Since I had great success with the IVF tracks, I also went on to use your pregnancy program and can say that I had a close to perfect labor which was 3 hours 42 minutes long and a natural drug free labor.
On our first date he told me that he may not be able to have more children due to a vasectomy he had at the age of 23 after his 2nd child was born. Since getting pregnant I haven’t used the program, but have recommended it to several friends. Then we started to explore our options we finally decided to do IUI with donor sperm, it was a very tough decision but we were determined to have a family.
So for November and December 2010, and January 2011 I took time to recover mentally, physically, and decided to make a change.
Therefore, we will generally perform IUI along with fertility drugs (clomiphene citrate, letrozole or gonadotropins).

The pregnancy rates with a TMSC are very low and these patients are generally considered unsuitable for IUI.
When morphology is normal, those without varicocele had about four times the odds of becoming pregnant compared with couples with varicocele. We thus bypass the vagina (which is acidic and where most sperm get destroyed) and the cervix (where the mucus can be hostile to sperm). Part of me was sad but the other part of me was very hopeful that we would conceive naturally and that my improved mindset was helping me get to where we wanted to be.
It took us close to 3 years, acupuncture, Chinese herbs, meditation, therapy and gonadotrophins and insemination to get pregnant with our daughter who is now 4.
After 8 cycles of IUI’s and seems like a million negative pregnancy tests, we decided to take a break, and look into embryo adoption.
We have been trying to get pregnant for two years and have decided we don’t want to proceed with conventional fertility therapy. We have had two ectopic pregnancies, one ended in surgery, the other in a chemotherapy drug.
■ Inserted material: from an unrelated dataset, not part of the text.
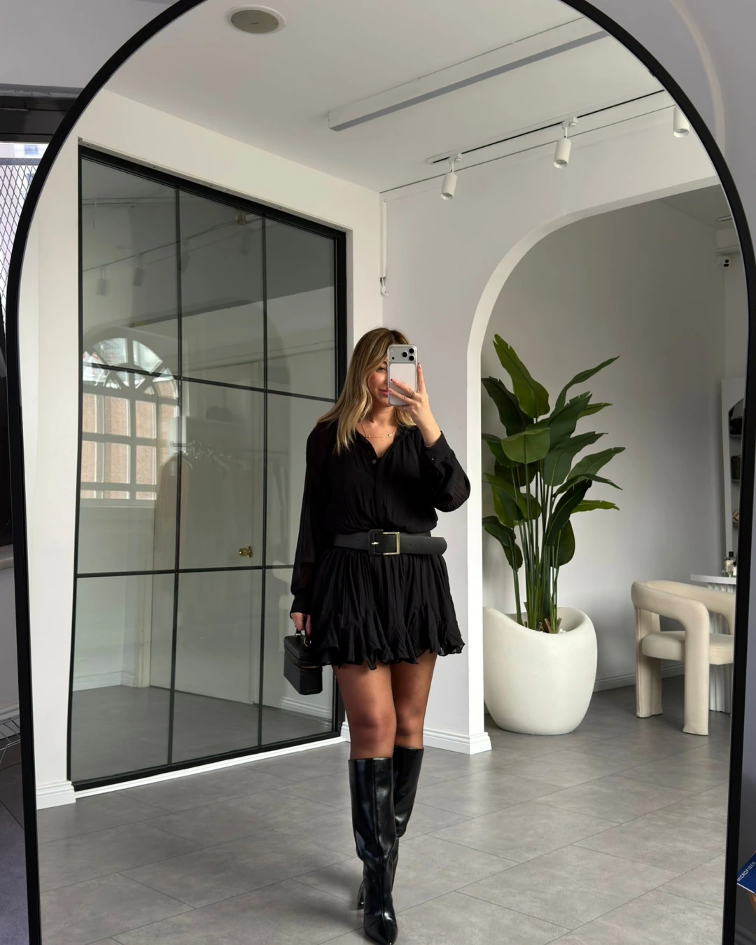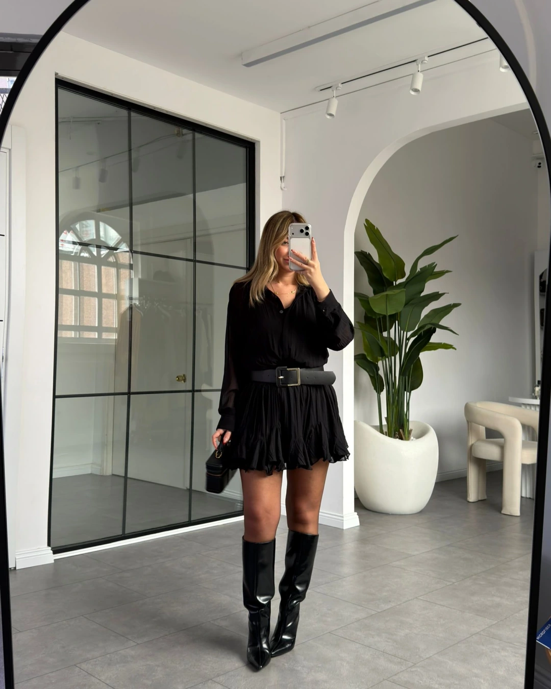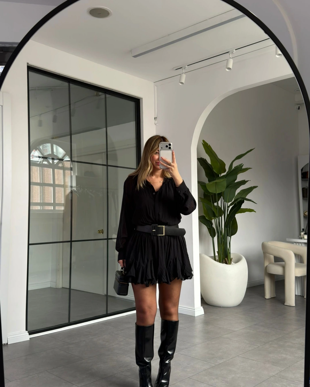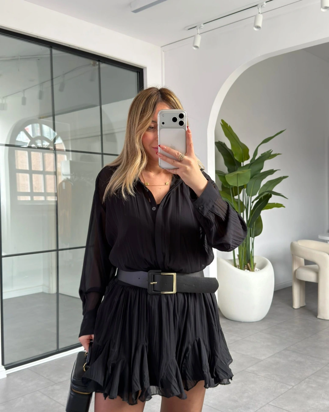 SİYAH KEMERLİ PİLİSELİ ŞİFON ELBİSE

It has helped women get away from the stresses of pregnancy and focus on helping to grow their healthy babies. In couples when the female age is greater than 35 y; or with tubal disease, the pregnancy rates in male factor patients may be higher with in vitro fertilization (IVF) and intracytoplasmic sperm injection (ICSI).
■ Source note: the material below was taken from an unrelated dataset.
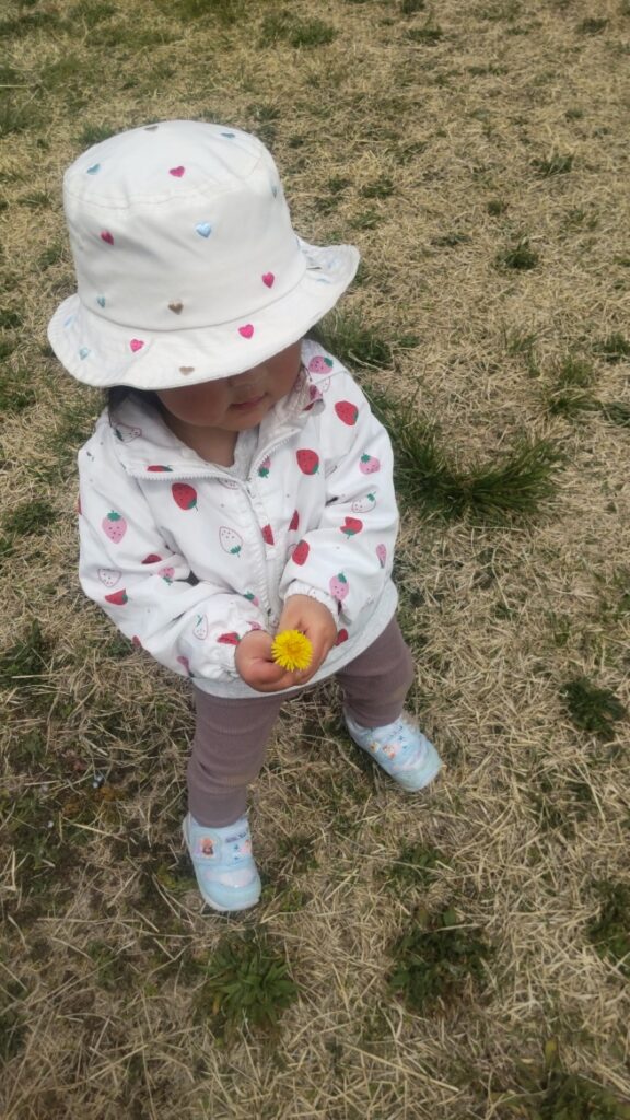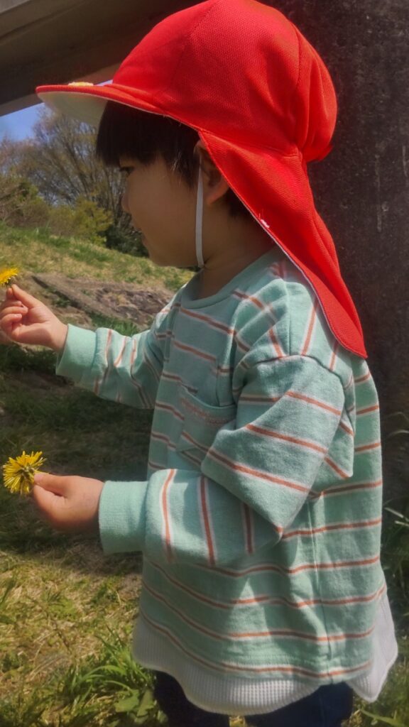 たんぽぽの おはなを みつけてうれしくて

They believe that morphology should not affect the decision whether or not to proceed with a trial of IUI. Within our first year of marriage, I became pregnant and welcomed a daughter into our lives. Kiltz of CNY Fertility in Syracuse NY in December to start our First IVF in February of 2011. The objective was to determine whether the in a difference in ongoing pregnancy rates (PRs) between patients undergoing IUI with strict sperm morphology less than or equal to 4% compared with greater 4% on initial semen analysis. In other words, in patients with low morphology, it is okay to try IUI and is not necessary to recommend IVF + intracytoplasmic sperm injection (ICSI) based on low morphology alone. I began seeing my naturopath weekly for acupuncture, changing my diet, but I knew there was something missing.
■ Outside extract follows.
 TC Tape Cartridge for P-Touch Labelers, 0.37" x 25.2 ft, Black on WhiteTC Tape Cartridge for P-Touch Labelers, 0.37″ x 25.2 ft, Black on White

They only included cycles where there were at least 5 million motile sperm at time of IUI and the female was between 21 and 41 years old. I did increase the dose to nearly double and got pregnant in 2 months, only to lose the baby almost immediately. It took another 6 months to get pregnant again, which resulted in another miscarriage and I needed a D&C. In another 3 months I got pregnant again, also to suffer another miscarriage almost immediately.